## WHAT THE EXERCISE ASKS
Copy out all of the data word for word. Omit every picture.

** Opening DATA SECTION block **

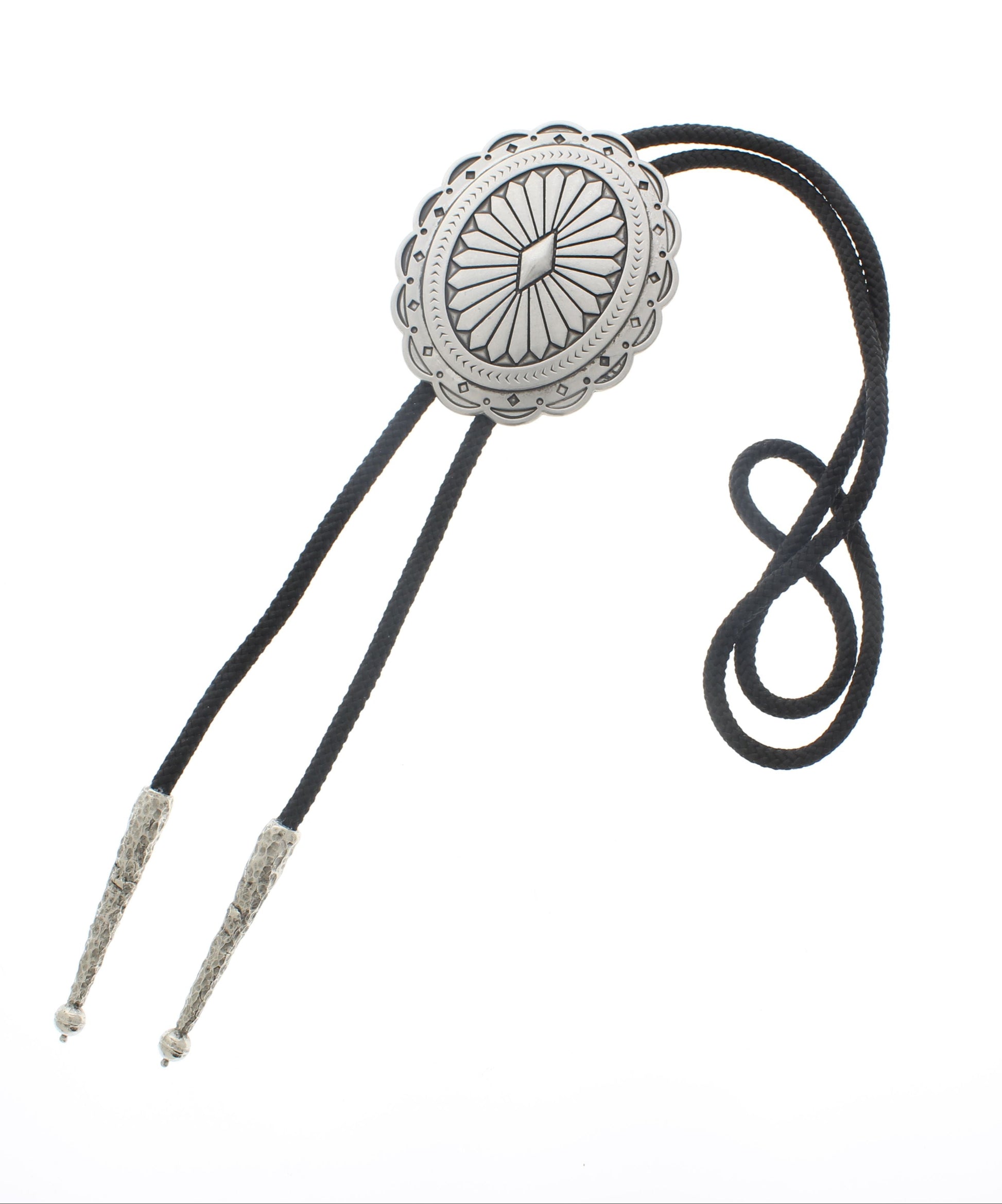 This bolo tie features an oval silver-tone concho centerpiece with a detailed sunburst and diamond design, framed by scalloped edging for a classic Western look. The braided black cord is finished with textured silver tips, making it a timeless accessory that adds bold Southwestern style to any outfit.
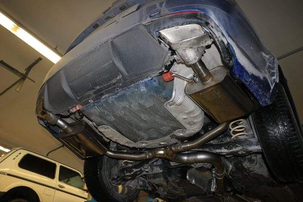 Skoda Octavia 5E RS – TDI – 4×4 mit Benzin-Endrohrblenden Halbanlage rechts/links ab Kat – Austritt der Endrohre in den originalen Benzin-Endrohrblenden
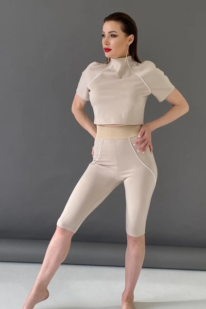 Тренд сезона! Модный костюм в спортивном стиле, состоит из спортивного топа и легинсов "велосипедки". Костюм с отделкой белого цвета по рельефам и боковым швам, что подчеркивает женский силуэт и делает вашу фигуру еще идеальнее. Цвет бежевый.

** Closing DATA SECTION block **

## RESULT OF THE EXERCISE
 This bolo tie features an oval silver-tone concho centerpiece with a detailed sunburst and diamond design, framed by scalloped edging for a classic Western look. The braided black cord is finished with textured silver tips, making it a timeless accessory that adds bold Southwestern style to any outfit.
 Skoda Octavia 5E RS – TDI – 4×4 mit Benzin-Endrohrblenden Halbanlage rechts/links ab Kat – Austritt der Endrohre in den originalen Benzin-Endrohrblenden
 Тренд сезона! Модный костюм в спортивном стиле, состоит из спортивного топа и легинсов "велосипедки". Костюм с отделкой белого цвета по рельефам и боковым швам, что подчеркивает женский силуэт и делает вашу фигуру еще идеальнее. Цвет бежевый.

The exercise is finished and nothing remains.